A kiss can make you come.

The best pain I’ve ever felt is lips bruised after kissing you for hours. The first time I woke up crying

was because I was missing you. Two years went by before I could say your name without crying. I know why

my friends don’t like you. Why my mother wouldn’t give you my number when you called.

I know that if I saw you today

I’d have to make a choice.

Would I match you? Subtle cruelty to subtle cruelty? I’ve never been subtle.

I’d pick your bones clean.

I’d turn to dust. I’d stare you down. Show you the letters I keep. I’d never tell you

there is a never a time when I don’t love you. I’d never tell you that. I’d never tell you

there’s nothing I wouldn’t do if you asked. I’d never tell you that.

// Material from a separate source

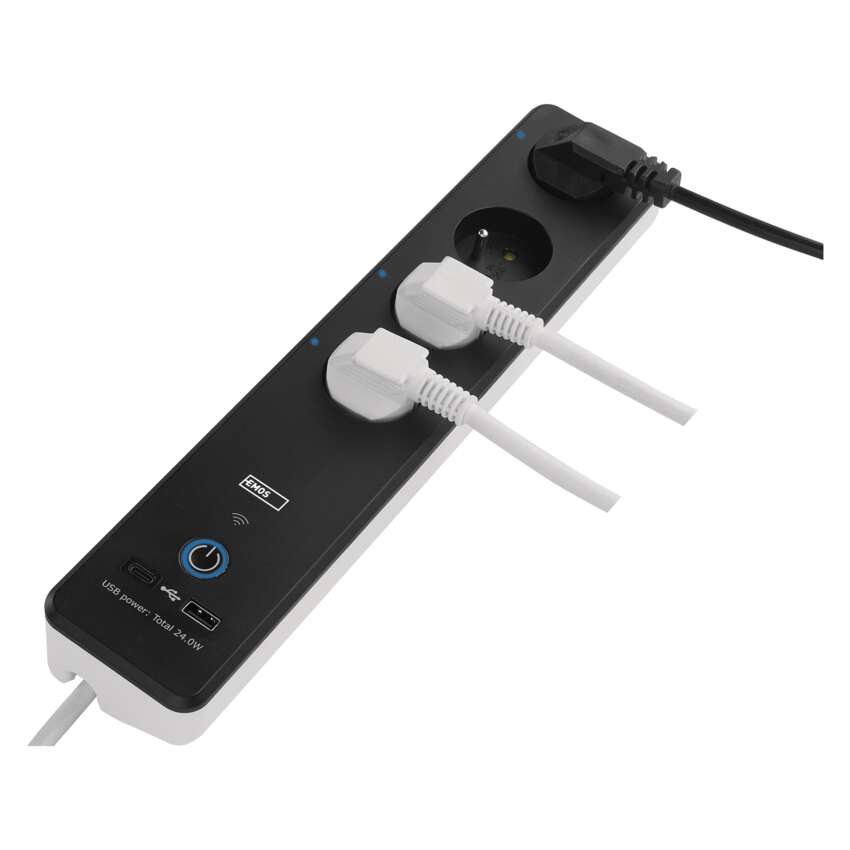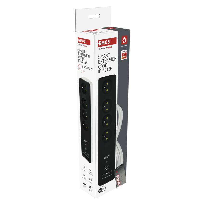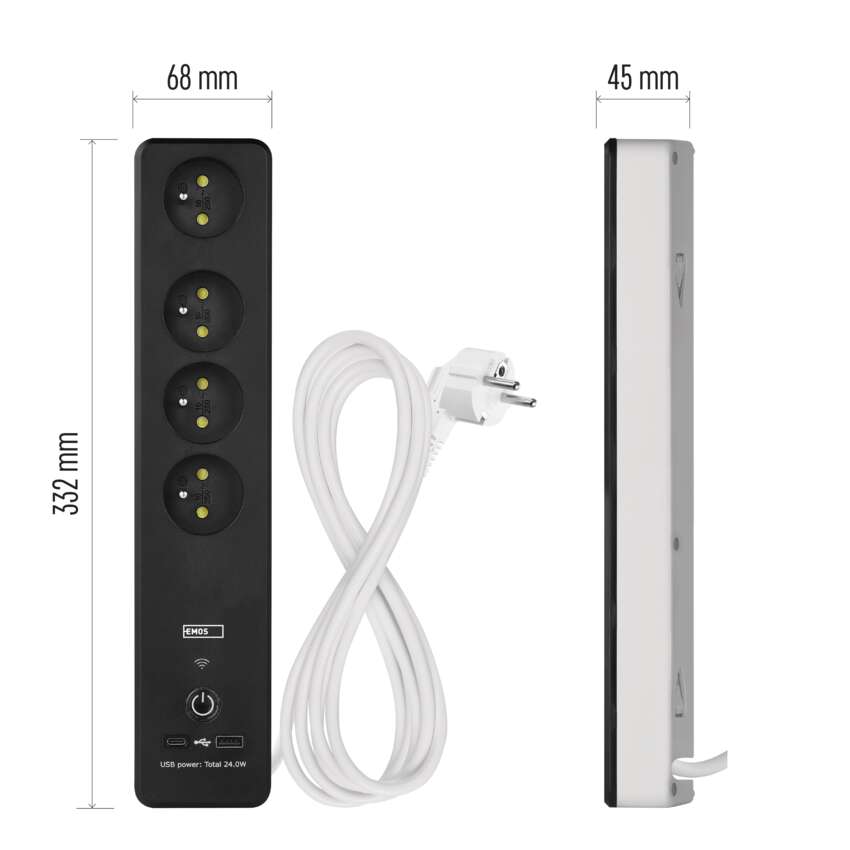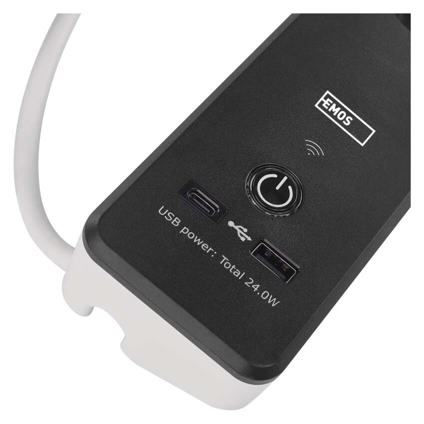 SMART prodlužovací přívod - Wi-Fi. 4 zásuvky + 2 USB výstupy. Přenosová frekvence: 2,4 GHz. Wi-Fi standard IEEE 802.11 b/g/n. Bezpečnostní mechanismy: OPEN/WEP/WPA-PSK/WPA2-PSK. USB výstup typ A + typ C: 5 V DC Max. 4,8 A, Max. 24 W. Platforma TUYA - EMOS GoSMART.Možnost ovládání každé zásuvky přes aplikaci EMOS GoSMART. Funkce měřič spotřeby pro zásuvky 230 V. Funkce časovače pro každou zásuvku 230 V. Možnost manuálního vypnutí a zapnutí všech zásuvek.

I dreamed I killed you and immediately brought you back to life.

I dreamed you were fat and unhappy and sorry and I loved you still.

I dreamed you were in love with a woman who was in love with me and you were always fucking.

You were so fucking happy and I remember how good

you both made me feel in bed and all the orgasms we shared.

I dreamed you were a beautiful bohemian dred headed backpackin free spirited man and I love you still.

I dream you are a snake who only means me harm. I am a scorpion now.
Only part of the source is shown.